In a world with a clearly-defined gap between developed, larger countries and small countries categorized by political turmoil and radical militant groups, it is difficult to recognize the growth of peace and stability. United States based companies often view currently developing countries as risks due to economic instability. Nevertheless, these low-to-middle income countries are increasingly becoming more stable and present the potential to be beneficial business associates.

Africa in particular is portrayed as a continent wrought by weak government and health issues, especially in countries such as the Central African Republic and Somalia. Even its more peaceful countries are depicted as chaotic by biased media sources. In the 2012 Kony campaign produced by the organization Invisible Children, the small country of Uganda was shown in a viral video as being in a constant battle with a sinister radical named Joseph Kony. He was said to have been continually recruiting children for his rebel militia, when in reality, he fled to the Central African Republic long before the video was released. Uganda itself is one of the less hostile countries in Africa. As a matter of fact, Uganda dropped from the 130th to 120th place on the Global Corruption Perception Index, showing that overall government corruption is decreasing in the country.

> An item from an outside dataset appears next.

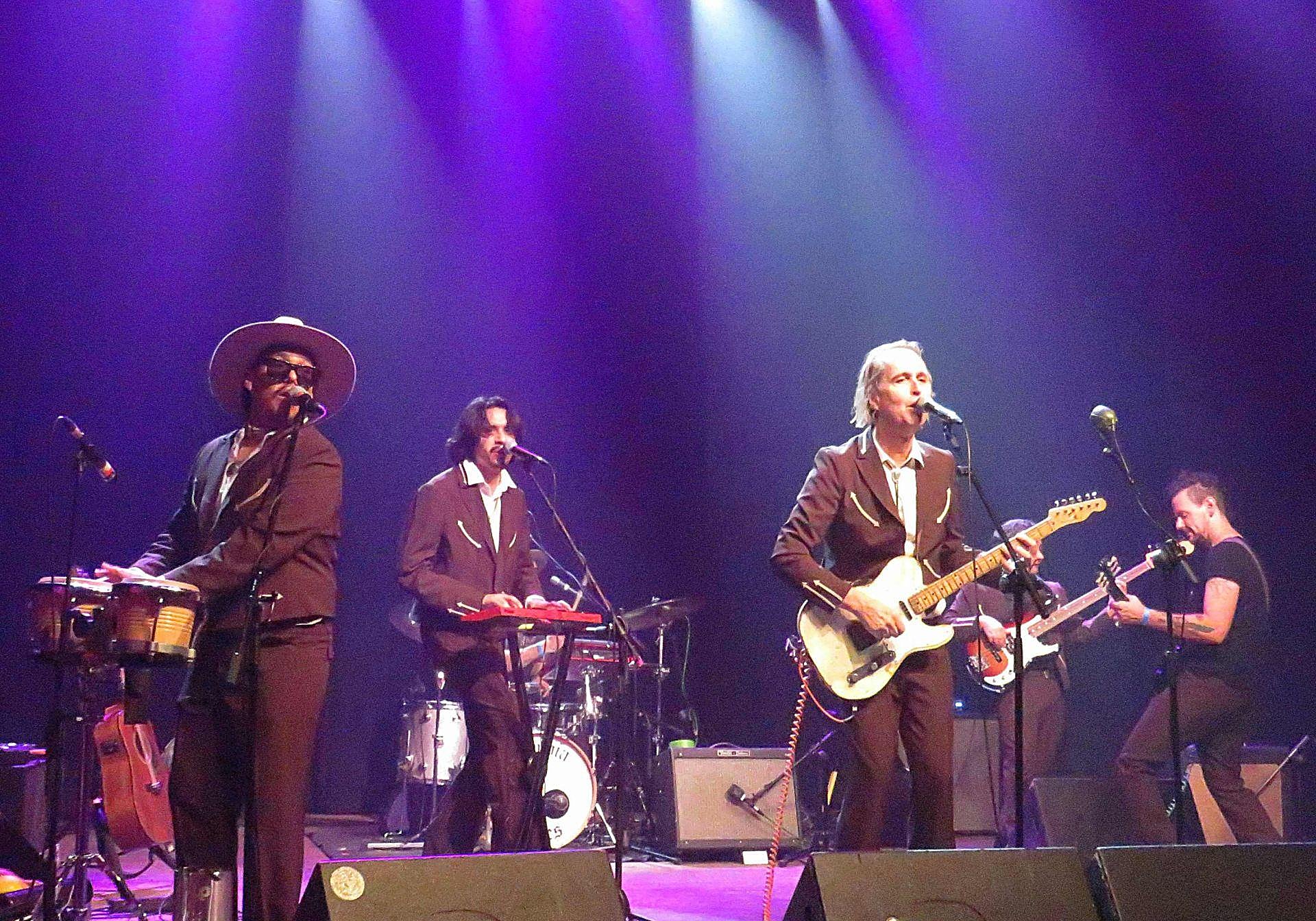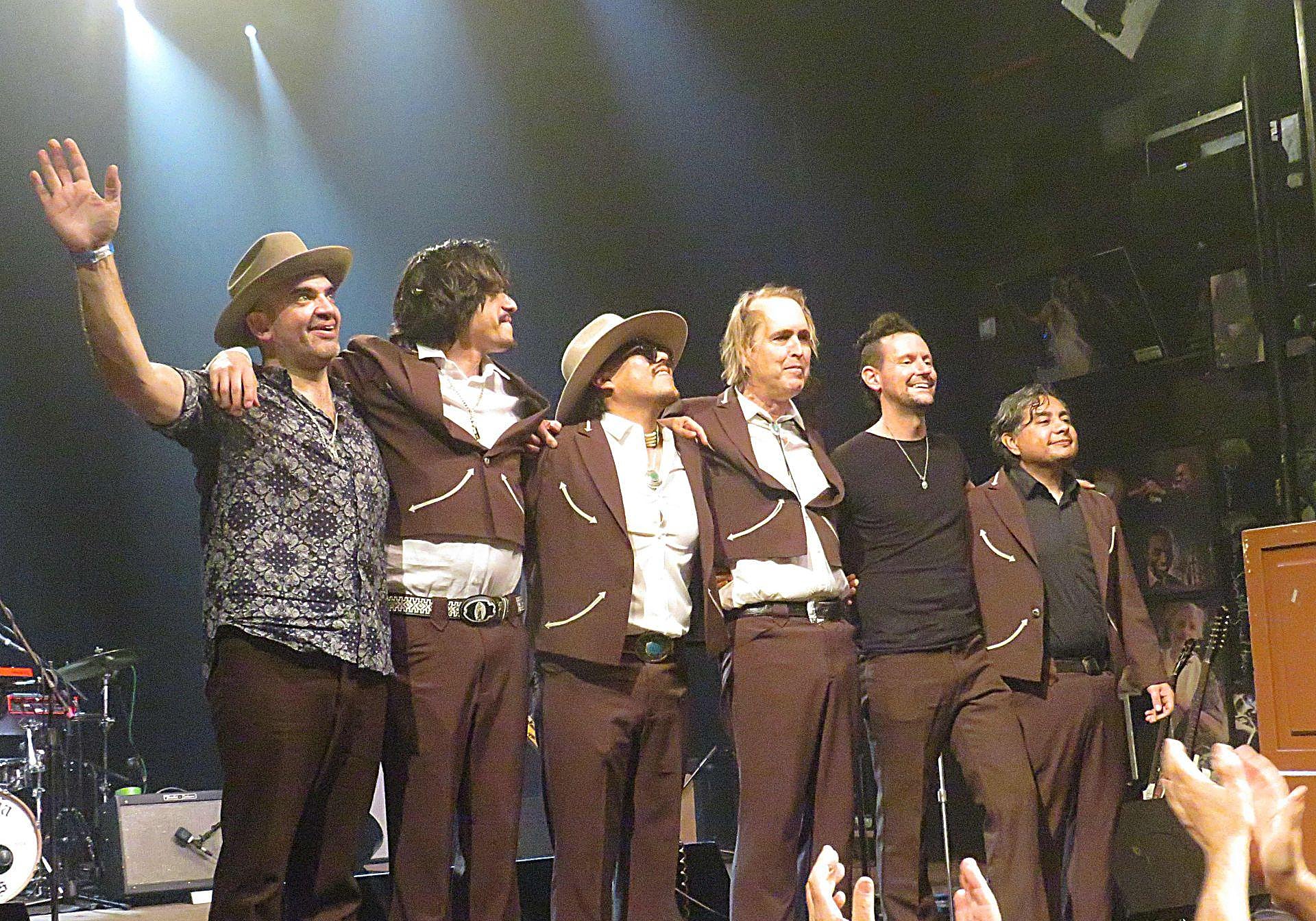 El bolazo sincero, genuino, verídico, con aristas y creciente comenzó con una versión de Eddie Cochran ('C'mon everybody / Aviéntense todos)' y se cerró con el tex-mex juerguista de los años 60 'Wooly bully' de Sam the Sham and the Pharaohs, que fue una fiesta genuina, y en el bis coló una inesperada versión del 'Time ain´t nothing' de Green On Red. Y empero la cumbia del reclamo hubo muchos pasajes menos chicanos, más blancos (un par de rocks muy Lou Reed como 'One lie for me, one for you' y 'Killing machine', el alegre a lo Mink De Ville 'Sugar in the water', el stoniano 'Jesus was a social drinker'…), mestizaje (muy Graham Parker los reggaes 'Same old crime'y 'Wake the dead', más cumbieros en disco que en vivo), rock tan dylanita como la estética uniformada de la banda y el sombrero del Profeta ('Wish me luck', 'The left hand and the rigght hand'), y rocks tan americanos como 'Ford Econoline' y el adiós en falso con el crepuscular, poderoso y épico 'You Did (Bomp Shooby Dooby Bomp)', el tema 18º, la cima de la cita, con un punteo muy sentido de Chuck Prophet rasgado desde el borde del tablado, espacio que le gustaba invadir a este trovador de segunda fila que nunca falla (y perdón por lo de segunda fila).
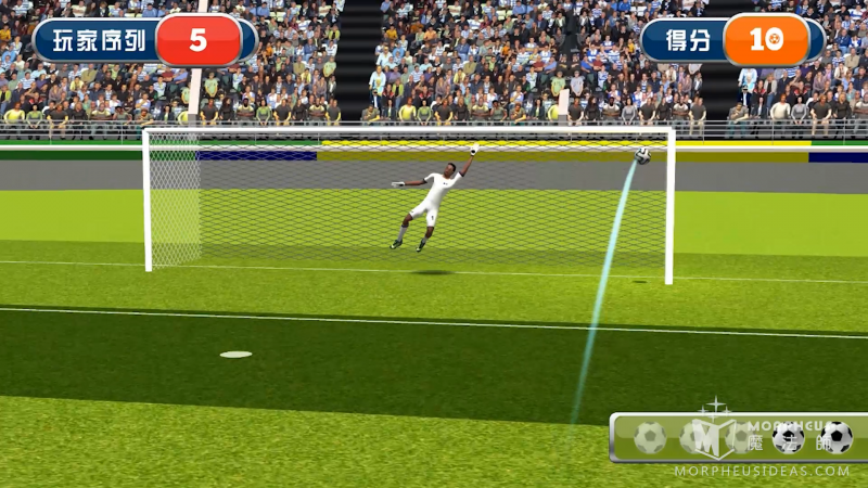 点球大战游戏还采用多角度还原足球线路,游戏真实性更高,娱乐性更强!不再只是无实物脚踢空气般的互动,真实足球射门,让人更有兴趣参与其中!

The Fund for Peace, a non-profit research organization dedicated to preventing violence and sustaining security, created a measure for indicating the stability of 178 nations based on the political, social, and economic pressures they face. The Failed States Index places countries on a spectrum that ranges from “Very Sustainable” to "Very High Alert.” Exactly 70 of the countries listed are considered to be under very high warning or greater whereas Sweden and Finland are the only two categorized as very sustainable. Although this source may be credible in some regards, the length of the list can likely be attributed to the consistent negative ideologies of developing countries from the limited perspectives of world economic powers, especially since the highest risk categories are dominated by African countries.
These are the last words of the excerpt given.